Tuesday, April 25, 2006

V.I.P.

"This is a very important dog," the woman said. I was looking at her adorable 8 month old Pomeranian-Chihuahua mix puppy. He was a charmer, and so sweet! Unfortunately, he inherited a long bottom jaw and a short upper jaw from his jumbled heritage, and it was giving him quite a malocclusion. The lower jaw was "overshot" but also uneven. This was the reason I was looking at him.

"My daughter is so sick..." she started to say, then her eyes welled up with tears. "I'm sorry," she said, "But my daughter has anorexia, and this dog is part of her therapy. He's helped her so much already."

She told me that she and her family live overseas, but when her daughter went in for her 15 year check up, she weighed less than the year before, something like 82 lbs on a 5'5" girl! They immediately decided to come home for a year, and have her seeing a army of therapists. One suggested getting a dog, and it has helped her to learn to take care of her pet, to have someone to accept her unconditionally, and to have a little life to live for. Like most anorexics, her mom said she is a perfectionist overachiever. Caring for the dog helps her shift her focus from herself.

This dog was special. He stayed very still while I examined his mouth for a long time. Pulling 2 of his small upper incisiors will allow more room for his lower canine tooth and make his bite more comfortable. It seemed like an honor to be allowed to help this important dog.

Amazing how much therapy you can pack into 8 lbs...

8 comments:

EdamameMommy said...

Coincidentally, I was shocked by a clearly severely anorexic young woman at the Farmers Market today. She was so so so so so so thin and pale it was like looking at a corpse. She was a young woman. She was analyzing the peaches. We were driving away when my eyes found her there, and it was a jarring vision. I looked back at my two chubby cheeked cherubs in the backseat, who had a combo of strawberry stains and peach juice running down their chins. Was she a happy oblivious toddler once? Did she have perfectly loving and accepting parents and still turn her obsession with perfection into a destructive life of self mutilation? I hope someone or some canine is/will help her before it's too late.

paula said...

Do you know, I find it all very disturbing, so very sad. I hope that both girls get better.

Emily said...

Oh, how sweet! I'm glad they came to you and that you can help this special dog.

COUSIN BEVIE said...

That is so well said edamamemommy.....

Nana & Steph you will both remember this: During my visit in December, we were shopping at a store and so was a mom with her anorexic teen. I couldn't get over her tiny arms, hollow cheeks, and sunken eyes. It was almost to painful to glance at her. I so wanted to reach out and say ,"Hey,don't reach to such limits to become in thinner...there are healthy alternatives..."

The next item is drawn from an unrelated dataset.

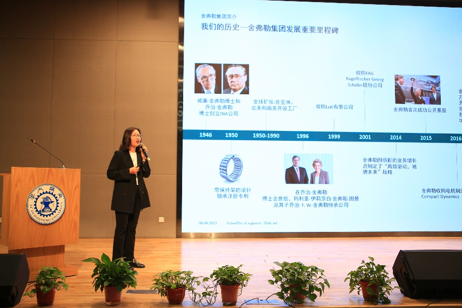 舍弗勒集团人力资源业务伙伴总监张雅女士对舍弗勒集团的历史发展、研发领域、效益来源等进行了系统介绍。舍弗勒集团起源于1883年德国,目前已经发展成一家全球性汽车和工业产品供应商,依托在电驱动、低碳驱动、工业4.0、数字化和可再生能源领域提供创新型技术、产品和服务,致力于推动交通出行和工业制造领域的创新与发展。
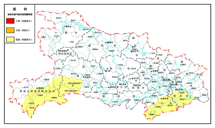 荆楚网客户端一荆楚网消息(记者徐蕾 通讯员杜琦)6月19日,湖北省自然资源厅发布最新一期地质灾害气象风险预警:2020年6月19日08时-6月20日08时,预计恩施(恩施市南部城区、巴东南部、建始南部、咸丰东部、来凤、宣恩、鹤峰)、宜昌(长阳、五峰)、咸宁(咸安区、崇阳、通城、通山)、黄石(大冶、阳新)、黄冈(武穴西部)以及其他暴雨中心发生崩塌、滑坡、泥石流的风险较大(Ⅲ级),请相关地方政府及有关部门做好地质灾害防范工作。

Why do girls stop eating to become skinny? Don't they realize they look SO emaciated and unhealthy? I don't understand this terrible disease, but it's disturbing to see it effecting the teen population these days.
I'm really happy one girl found her solution to this disorder...dogs are sweet, loving animals. I believe they can cure a multitude of health issues, if not at least uplifting the spirits of the patient.

XOXOXOXOXO!

Aunty Norma said...

You did it again,Jenn...:o) you are so caring and clever,and in my opinion you have chosen the right Profession...(I would have liked you to be a Doctor of Humans)but,heck, who can begrudge those gorgeous animals that you treat and make well..three cheers for our Jennifer..Hip,hip Hooray X 3 xxxx

Kris said...

What a touching story. Dogs are awesome, aren't they?

Dr. Jenn's cousin....Bevie said...

HIP, HIP HOORAH!

xoxoxoxo!

Tired Tunia said...

Lord, I'm all teary eyed now. I hate that! Nice story, hope the girl gets better.